* [MATERIAL PROVIDED]:
□ □ □
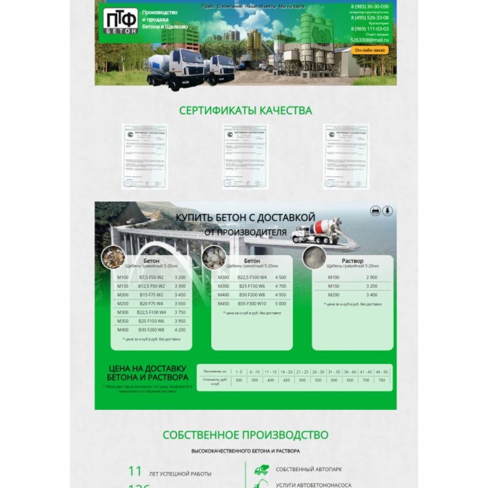 Наша компания предлагает услуги по разработке и созданию сайтов-лендингов, специализирующихся на продаже бетона. Мы сделаем все, чтобы ваш сайт был высокоэффективным инструментом, привлекающим потенциальных клиентов и увеличивающим вашу прибыль.
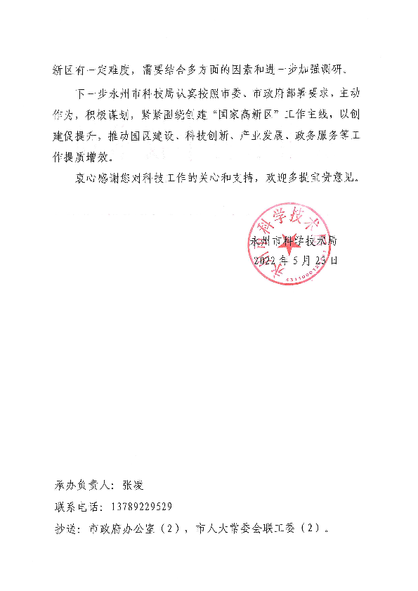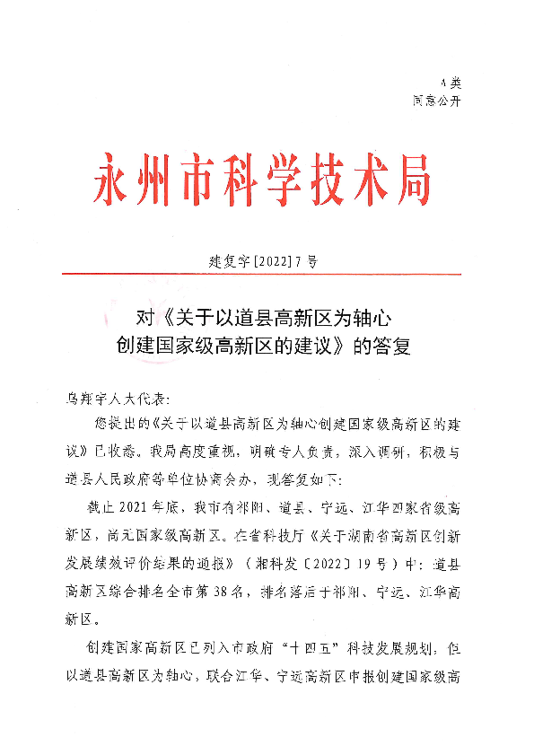 对《关于以道县高新区为轴心创建国家级高新区的建议》的答复_建议提案_市科学技术局_永州市人民政府
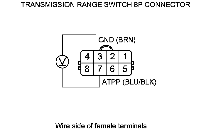 26. Measure the voltage between transmission range switch 8P connector terminals No. 3 and No. 7.
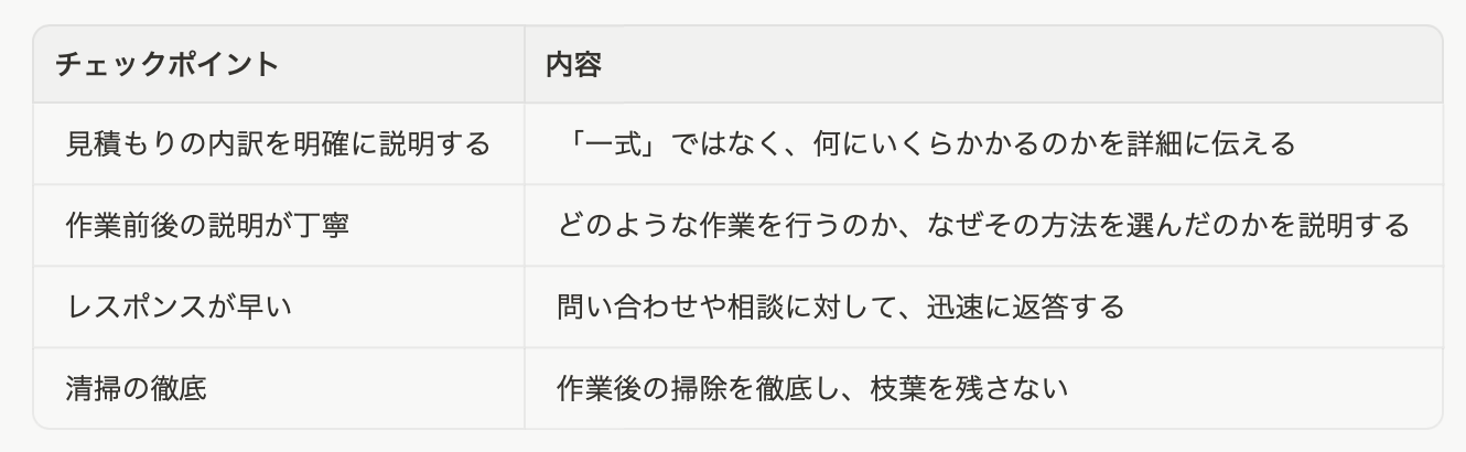 口コミで高評価を得ている植木屋には、共通する特徴があります。単に「星5つ」というだけでなく、以下の3つの基準を満たしているかどうかが重要です。
□ □ □
* [ABOUT THIS TASK]: Restate every line of the data above word for word, with the images removed.

* [SOLUTION FOR THIS TASK]:
 Наша компания предлагает услуги по разработке и созданию сайтов-лендингов, специализирующихся на продаже бетона. Мы сделаем все, чтобы ваш сайт был высокоэффективным инструментом, привлекающим потенциальных клиентов и увеличивающим вашу прибыль.
 对《关于以道县高新区为轴心创建国家级高新区的建议》的答复_建议提案_市科学技术局_永州市人民政府
 26. Measure the voltage between transmission range switch 8P connector terminals No. 3 and No. 7.
 口コミで高評価を得ている植木屋には、共通する特徴があります。単に「星5つ」というだけでなく、以下の3つの基準を満たしているかどうかが重要です。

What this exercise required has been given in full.